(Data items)
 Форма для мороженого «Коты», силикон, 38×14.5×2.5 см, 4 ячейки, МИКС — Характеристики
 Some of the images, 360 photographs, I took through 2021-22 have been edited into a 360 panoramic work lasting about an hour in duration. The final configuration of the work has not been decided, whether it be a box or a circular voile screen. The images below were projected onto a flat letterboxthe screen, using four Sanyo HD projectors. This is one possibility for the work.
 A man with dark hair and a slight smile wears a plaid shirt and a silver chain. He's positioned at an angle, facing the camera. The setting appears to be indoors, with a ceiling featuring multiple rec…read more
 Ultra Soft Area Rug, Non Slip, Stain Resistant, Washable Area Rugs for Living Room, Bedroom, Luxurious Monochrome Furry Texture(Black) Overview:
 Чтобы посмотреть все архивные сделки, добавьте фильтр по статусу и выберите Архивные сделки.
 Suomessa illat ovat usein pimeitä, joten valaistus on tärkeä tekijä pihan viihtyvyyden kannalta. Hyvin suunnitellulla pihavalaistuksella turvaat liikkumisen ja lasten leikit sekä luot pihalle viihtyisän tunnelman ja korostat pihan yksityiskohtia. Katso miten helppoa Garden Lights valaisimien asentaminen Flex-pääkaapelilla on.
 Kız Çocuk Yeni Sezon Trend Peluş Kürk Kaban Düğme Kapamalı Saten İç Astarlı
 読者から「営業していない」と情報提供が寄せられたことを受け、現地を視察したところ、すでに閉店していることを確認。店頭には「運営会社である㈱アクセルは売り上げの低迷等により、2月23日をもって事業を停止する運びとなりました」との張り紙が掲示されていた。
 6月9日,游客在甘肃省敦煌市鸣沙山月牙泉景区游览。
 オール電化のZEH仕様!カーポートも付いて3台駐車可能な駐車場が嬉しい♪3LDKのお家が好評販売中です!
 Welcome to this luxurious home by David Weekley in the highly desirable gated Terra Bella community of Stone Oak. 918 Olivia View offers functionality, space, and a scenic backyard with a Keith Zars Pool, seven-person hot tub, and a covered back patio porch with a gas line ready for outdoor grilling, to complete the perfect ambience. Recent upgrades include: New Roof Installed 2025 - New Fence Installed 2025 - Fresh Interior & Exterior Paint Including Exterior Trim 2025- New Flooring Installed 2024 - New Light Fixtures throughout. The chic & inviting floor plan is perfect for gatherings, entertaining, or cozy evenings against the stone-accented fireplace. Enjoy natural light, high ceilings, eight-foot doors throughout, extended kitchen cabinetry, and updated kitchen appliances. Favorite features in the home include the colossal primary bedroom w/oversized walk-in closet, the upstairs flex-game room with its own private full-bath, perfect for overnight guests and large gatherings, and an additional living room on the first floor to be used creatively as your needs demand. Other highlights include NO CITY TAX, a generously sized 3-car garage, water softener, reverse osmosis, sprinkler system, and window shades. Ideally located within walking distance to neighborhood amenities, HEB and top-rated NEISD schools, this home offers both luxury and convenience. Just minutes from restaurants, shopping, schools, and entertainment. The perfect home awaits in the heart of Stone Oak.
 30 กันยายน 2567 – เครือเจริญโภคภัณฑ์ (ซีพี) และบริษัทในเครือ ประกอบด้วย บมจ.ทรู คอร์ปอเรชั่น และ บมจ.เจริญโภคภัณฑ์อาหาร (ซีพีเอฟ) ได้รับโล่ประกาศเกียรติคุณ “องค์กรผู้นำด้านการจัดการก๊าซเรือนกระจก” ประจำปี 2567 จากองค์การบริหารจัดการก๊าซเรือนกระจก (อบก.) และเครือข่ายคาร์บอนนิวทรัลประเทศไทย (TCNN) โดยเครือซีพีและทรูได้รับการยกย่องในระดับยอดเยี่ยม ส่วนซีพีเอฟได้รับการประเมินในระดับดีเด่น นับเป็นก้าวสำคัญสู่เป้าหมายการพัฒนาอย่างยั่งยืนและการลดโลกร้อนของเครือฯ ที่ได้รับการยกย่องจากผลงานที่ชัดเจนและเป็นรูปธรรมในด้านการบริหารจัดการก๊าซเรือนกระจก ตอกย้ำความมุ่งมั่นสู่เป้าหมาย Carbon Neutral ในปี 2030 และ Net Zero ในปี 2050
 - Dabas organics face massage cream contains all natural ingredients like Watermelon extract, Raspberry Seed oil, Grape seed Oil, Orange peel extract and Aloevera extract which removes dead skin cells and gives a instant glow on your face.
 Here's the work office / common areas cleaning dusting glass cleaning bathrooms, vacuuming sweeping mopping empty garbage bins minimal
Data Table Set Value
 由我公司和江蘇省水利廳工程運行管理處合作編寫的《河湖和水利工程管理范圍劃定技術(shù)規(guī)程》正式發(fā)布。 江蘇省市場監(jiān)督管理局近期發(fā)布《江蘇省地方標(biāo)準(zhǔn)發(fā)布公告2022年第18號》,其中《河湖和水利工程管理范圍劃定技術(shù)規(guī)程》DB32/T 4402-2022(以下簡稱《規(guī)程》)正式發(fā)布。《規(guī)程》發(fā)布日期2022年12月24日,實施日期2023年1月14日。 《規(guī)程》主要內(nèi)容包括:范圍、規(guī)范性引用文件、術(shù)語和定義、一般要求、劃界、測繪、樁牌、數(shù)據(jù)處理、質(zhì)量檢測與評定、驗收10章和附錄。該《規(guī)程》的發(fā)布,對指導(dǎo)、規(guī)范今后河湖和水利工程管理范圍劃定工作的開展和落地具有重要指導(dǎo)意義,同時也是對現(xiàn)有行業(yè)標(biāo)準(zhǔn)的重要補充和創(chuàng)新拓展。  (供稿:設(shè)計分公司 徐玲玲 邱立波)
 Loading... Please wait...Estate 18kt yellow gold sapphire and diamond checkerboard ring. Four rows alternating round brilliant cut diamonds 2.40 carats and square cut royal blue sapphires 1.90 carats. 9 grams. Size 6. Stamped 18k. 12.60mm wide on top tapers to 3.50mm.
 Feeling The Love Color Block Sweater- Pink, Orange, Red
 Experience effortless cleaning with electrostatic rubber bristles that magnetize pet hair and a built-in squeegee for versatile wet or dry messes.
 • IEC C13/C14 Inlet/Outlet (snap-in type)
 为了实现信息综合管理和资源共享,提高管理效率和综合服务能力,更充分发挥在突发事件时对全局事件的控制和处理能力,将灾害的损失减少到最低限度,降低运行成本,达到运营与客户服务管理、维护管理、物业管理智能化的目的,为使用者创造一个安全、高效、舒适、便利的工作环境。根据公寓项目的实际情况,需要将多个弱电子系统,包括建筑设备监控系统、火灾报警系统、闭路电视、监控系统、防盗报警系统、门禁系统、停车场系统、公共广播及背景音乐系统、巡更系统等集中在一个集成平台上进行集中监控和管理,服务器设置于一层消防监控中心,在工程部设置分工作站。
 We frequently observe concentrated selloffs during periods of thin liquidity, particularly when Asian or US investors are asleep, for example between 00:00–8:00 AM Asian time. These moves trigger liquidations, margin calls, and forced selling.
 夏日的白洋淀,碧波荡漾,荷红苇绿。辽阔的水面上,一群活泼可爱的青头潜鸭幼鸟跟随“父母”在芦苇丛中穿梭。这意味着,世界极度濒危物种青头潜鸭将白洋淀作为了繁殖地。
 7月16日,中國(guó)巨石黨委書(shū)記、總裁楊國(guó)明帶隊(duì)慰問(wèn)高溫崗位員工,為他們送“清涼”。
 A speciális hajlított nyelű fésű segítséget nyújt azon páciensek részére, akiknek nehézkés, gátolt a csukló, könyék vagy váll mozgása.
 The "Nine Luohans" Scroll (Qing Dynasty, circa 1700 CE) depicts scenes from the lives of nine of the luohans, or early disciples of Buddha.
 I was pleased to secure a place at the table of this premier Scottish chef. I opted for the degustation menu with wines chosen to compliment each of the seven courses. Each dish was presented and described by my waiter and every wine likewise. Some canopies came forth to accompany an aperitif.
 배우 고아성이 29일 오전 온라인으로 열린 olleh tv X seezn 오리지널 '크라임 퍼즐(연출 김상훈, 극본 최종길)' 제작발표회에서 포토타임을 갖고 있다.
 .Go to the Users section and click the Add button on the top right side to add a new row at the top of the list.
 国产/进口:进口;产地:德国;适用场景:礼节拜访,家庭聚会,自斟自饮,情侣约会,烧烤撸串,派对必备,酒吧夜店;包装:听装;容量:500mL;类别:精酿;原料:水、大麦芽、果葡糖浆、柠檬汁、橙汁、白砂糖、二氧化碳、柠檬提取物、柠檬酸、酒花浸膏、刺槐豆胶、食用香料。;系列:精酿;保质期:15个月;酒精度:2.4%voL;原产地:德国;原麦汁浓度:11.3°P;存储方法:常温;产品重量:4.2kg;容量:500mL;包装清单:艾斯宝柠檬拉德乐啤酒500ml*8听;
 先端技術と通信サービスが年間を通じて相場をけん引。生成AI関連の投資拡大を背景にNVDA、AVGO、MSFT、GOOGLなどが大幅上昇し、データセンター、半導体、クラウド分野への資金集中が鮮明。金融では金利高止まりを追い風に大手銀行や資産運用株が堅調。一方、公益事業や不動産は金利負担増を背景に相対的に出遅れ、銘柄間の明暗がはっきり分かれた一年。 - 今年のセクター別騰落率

▶ _AIM OF THE EXERCISE_
Tally up how many lines in the records contain the string "cleaning". Answer with that figure only.

▶ _OUTPUT FOR THIS TASK_
2